一個簡單光柵器的實(shí)現(xiàn)(四) 幾何階段的坐標(biāo)變換的C++實(shí)現(xiàn)

之前介紹了幾何階段坐標(biāo)變換的原理,接下來使用C++來進(jìn)行實(shí)現(xiàn)。

Transform

首先定義一個Transform類,它存儲了之前介紹的3個重要的變換矩陣和屏幕的寬高,負(fù)責(zé)處理頂點(diǎn)的變換,剔除

class Transform
{

public:

    Matrix4f _worldTransform, _viewTransform, _perspectiveTransform, _transform;
    _INT32 _width, _height;

public:

    Transform(){}

    Transform(Matrix4f worldTransform, Matrix4f viewTransform, Matrix4f perspectiveTransform,
        _INT32 width, _INT32 height);

    Transform(const Transform& other);

public:

    void Init(_INT32 width, _INT32 height);

    void Init(Camera* camera, _INT32 width, _INT32 height, Matrix4f wordTransform);

    Vector4f ApplyTransform(const Vector4f& v) const;

    _INT32 CheckCVV(const Vector4f& v) const;

    Vector4f Homogenize(const Vector4f& v) const;

    void UpdateTransform();

};
Transform::Transform(Matrix4f worldTransform, Matrix4f viewTransform, Matrix4f perspectiveTransform,
    _INT32 width, _INT32 height)
{
    _worldTransform = worldTransform;
    _viewTransform = viewTransform;
    _perspectiveTransform = perspectiveTransform;
    _transform = _worldTransform * _viewTransform * _perspectiveTransform;
    _width = width;
    _height = height;
}

Transform::Transform(const Transform& other)
{
    _worldTransform = other._worldTransform;
    _viewTransform = other._viewTransform;
    _perspectiveTransform = other._perspectiveTransform;
    _width = other._width;
    _height = other._height;
}

Transform類初始化的方式有兩種,一種是先創(chuàng)建Transform類,之后再自行修改其變換矩陣

void Transform::Init(_INT32 width, _INT32 height)
{
    _FLOAT aspect = (_FLOAT)width / (_FLOAT)height;
    _width = width;
    _height = height;
    _worldTransform.SetIdentity();
    _viewTransform.SetIdentity();
    _perspectiveTransform.SetIdentity();
    _transform = _worldTransform * _viewTransform * _perspectiveTransform;
}

另一種是傳入一個攝像機(jī)對象和世界變換矩陣,利用攝像機(jī)來生成視圖變換和透視變換矩陣,初始化一個完整的Transform對象

void Transform::Init(Camera* camera, _INT32 width, _INT32 height, Matrix4f worldTransform)
{
    _FLOAT aspect = (_FLOAT)width / (_FLOAT)height;
    _width = width;
    _height = height;
    _worldTransform = worldTransform;
    _viewTransform = camera->GetViewTransformMatrix();
    _perspectiveTransform = camera->GetPerspectiveTransformMarix();
    _transform = _worldTransform * _viewTransform * _perspectiveTransform;
}

當(dāng)用戶自行修改了變換矩陣后需要調(diào)用UpdateTransform函數(shù)更新Transform類

void Transform::UpdateTransform()
{
    _transform = _worldTransform * _viewTransform * _perspectiveTransform;
}

ApplyTransform函數(shù)負(fù)責(zé)對頂點(diǎn)進(jìn)行變換

Vector4f Transform::ApplyTransform(const Vector4f& v) const
{
    return v * _transform;
}

CheckCVV函數(shù)負(fù)責(zé)檢查頂點(diǎn)變換后是否在規(guī)則長方體內(nèi)
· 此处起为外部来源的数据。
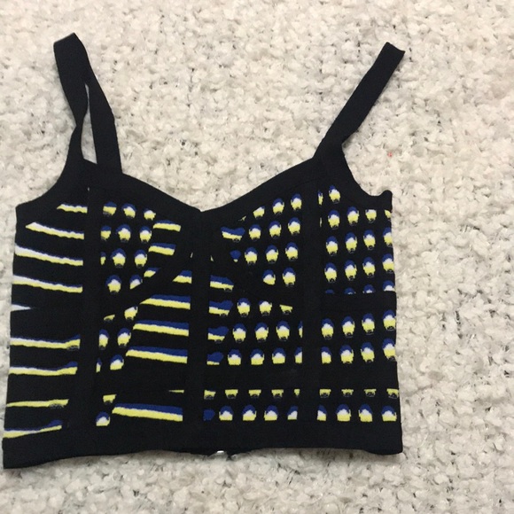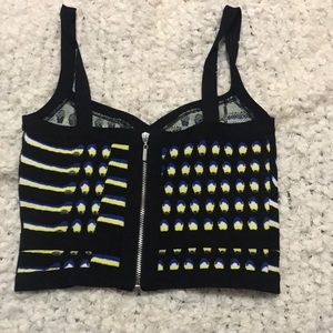 Brand new with tag V Black, blue and yellow crop top with a silver zipper on the back

_INT32 Transform::CheckCVV(const Vector4f& v) const
{
    _FLOAT w = v._w;
    _INT32 check = 0;
    if (v._z < 0)
    {
        check |= 0x01;
    }
    if (v._z > w)
    {
        check |= 0x02;
    }
    if (v._x < -w)
    {
        check |= 0x04;
    }
    if (v._x > w)
    {
        check |= 0x08;
    }
    if (v._y < -w)
    {
        check |= 0x10;
    }
    if (v._y > w)
    {
        check |= 0x20;
    }
    return check;
}

Homogenize負(fù)責(zé)將進(jìn)行CVV檢查后的頂點(diǎn)進(jìn)行其次除法,并通過一個簡單的線性變換將頂點(diǎn)的歸一化坐標(biāo)映射變換為屏幕坐標(biāo)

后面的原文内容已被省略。